Often, we’d like to know about the probability distribution (the distribution function), but we only have a sample. This is the fundamental challenge of statistical inference: what can we learn about the true distribution function using only a sample? If we can’t learn the distribution function itself, can we at least reject a hypothetical statement about the distribution function?

Notation for random variables

In statistical textbooks, upper case letters are used to denote random variables and we follow this convention here. Lower case letters are used for observed values. You will see some notation that includes both. For example, you will see events defined as $X \leq x$. Here $X$ is a random variable, making it a random event, and $x$ is an arbitrary value and not random. So, for example, $X$ might represent the number on a die roll and $x$ will represent an actual value we see 1, 2, 3, 4, 5, or 6. So in this case, the probability of $X=x$ is 1/6 regardless of the observed value $x$. This notation is a bit strange because, when we ask questions about probability, $X$ is not an observed quantity. Instead, it’s a random quantity that we will see in the future. We can talk about what we expect it to be, what values are probable, but not what it is. But once we have data, we do see a realization of $X$. So data scientists talk of what could have been after we see what actually happened.

The expected value and standard error

We have described sampling models for draws. We will now go over the mathematical theory that lets us approximate the probability distributions for the sum of draws. Once we do this, we will be able to help the casino predict how much money they will make. The same approach we use for the sum of draws will be useful for describing the distribution of averages and proportion which we will need to understand how polls work.

The first important concept to learn is the expected value. In statistics books, it is common to use letter $\mbox{E}$ like this:

\[\mbox{E}[X]\]

to denote the expected value of the random variable $X$.

A random variable will vary around its expected value in a way that if you take the average of many, many draws, the average of the draws will approximate the expected value, getting closer and closer the more draws you take.

Theoretical statistics provides techniques that facilitate the calculation of expected values in different circumstances. For example, a useful formula tells us that the expected value of a random variable defined by one draw is the average of the numbers in the urn (which is the probability distribution of the random variable). In the urn used to model betting on red in roulette, we have 20 one dollars and 18 negative one dollars. The expected value is thus:

\[ \mbox{E}[X] = (20 + -18)/38 \]

which is about 5 cents. It is a bit counterintuitive to say that $X$ varies around 0.05, when the only values it takes is 1 and -1. One way to make sense of the expected value in this context is by realizing that if we play the game over and over, the casino wins, on average, 5 cents per game. A Monte Carlo simulation confirms this:

B <- 10^6
x <- sample(c(-1,1), B, replace = TRUE, prob=c(9/19, 10/19))
mean(x)

[1] 0.053422

Note that if we didn’t know the probability distribution but had the urn, we could create the sample $x$.

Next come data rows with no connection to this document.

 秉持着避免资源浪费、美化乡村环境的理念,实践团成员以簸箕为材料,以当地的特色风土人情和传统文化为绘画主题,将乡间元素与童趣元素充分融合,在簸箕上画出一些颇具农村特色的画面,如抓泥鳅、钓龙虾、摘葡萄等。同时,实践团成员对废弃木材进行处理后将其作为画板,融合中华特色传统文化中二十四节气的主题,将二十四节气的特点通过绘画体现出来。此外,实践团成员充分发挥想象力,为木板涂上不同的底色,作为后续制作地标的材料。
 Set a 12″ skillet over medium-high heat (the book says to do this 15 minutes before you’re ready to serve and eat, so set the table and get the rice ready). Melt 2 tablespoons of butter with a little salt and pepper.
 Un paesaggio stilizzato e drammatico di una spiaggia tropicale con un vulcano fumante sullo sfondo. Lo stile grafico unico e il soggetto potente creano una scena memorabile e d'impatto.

In general, if the urn has two possible outcomes, say $a$ and $b$, with proportions $p$ and $1-p$ respectively, and you know $p$ from the probability distribution, the average is:

\[\mbox{E}[X] = pa + (1-p)b\]

TRY IT

What is the expectation of a random variable defined as a roll of a (fair, standard) die?

To see this, notice that if there are $n$ beads in the urn, then we have $np$ $a$s and $n(1-p)$ $b$s and because the average is the sum, $n\times a \times p + n\times b \times (1-p)$, divided by the total $n$, we get that the average is $ap + b(1-p)$.

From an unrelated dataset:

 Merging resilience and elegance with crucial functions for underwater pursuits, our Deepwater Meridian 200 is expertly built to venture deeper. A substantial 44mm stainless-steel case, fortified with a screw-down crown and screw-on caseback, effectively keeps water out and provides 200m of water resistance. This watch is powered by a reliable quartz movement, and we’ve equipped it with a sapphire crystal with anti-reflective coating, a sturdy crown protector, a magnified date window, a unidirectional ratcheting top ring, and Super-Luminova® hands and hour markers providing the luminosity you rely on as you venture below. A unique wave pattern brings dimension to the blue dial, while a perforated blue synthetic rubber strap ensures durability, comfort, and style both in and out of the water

Now the reason we define the expected value is because this mathematical definition turns out to be useful for approximating the probability distributions of the sum of draws, which then is useful for describing the distribution of averages and proportions. The first useful fact is that the expected value of the sum of the draws is $E[nX] = nE[X]$ when $n$ is a constant:

\[ \mbox{}\mbox{number of draws } \times \mbox{ average of the numbers in the urn} \]

Standard error

So if 1,000 people play roulette, the casino expects to win, on average, about 1,000 $\times$ $0.05 = $50. But this is an expected value. How different can one observation be from the expected value? The casino really needs to know this. What is the range of possibilities? If negative numbers are too likely, they will not install roulette wheels. Statistical theory once again answers this question. The standard error (SE) gives us an idea of the size of the variation around the expected value. In statistics books, it’s common to use:

\[\mbox{SE}[X]\]

to denote the standard error of a random variable. This, like expectation, is a theoretical, population concept based on the probability distribution (e.g. “what is in the urn”)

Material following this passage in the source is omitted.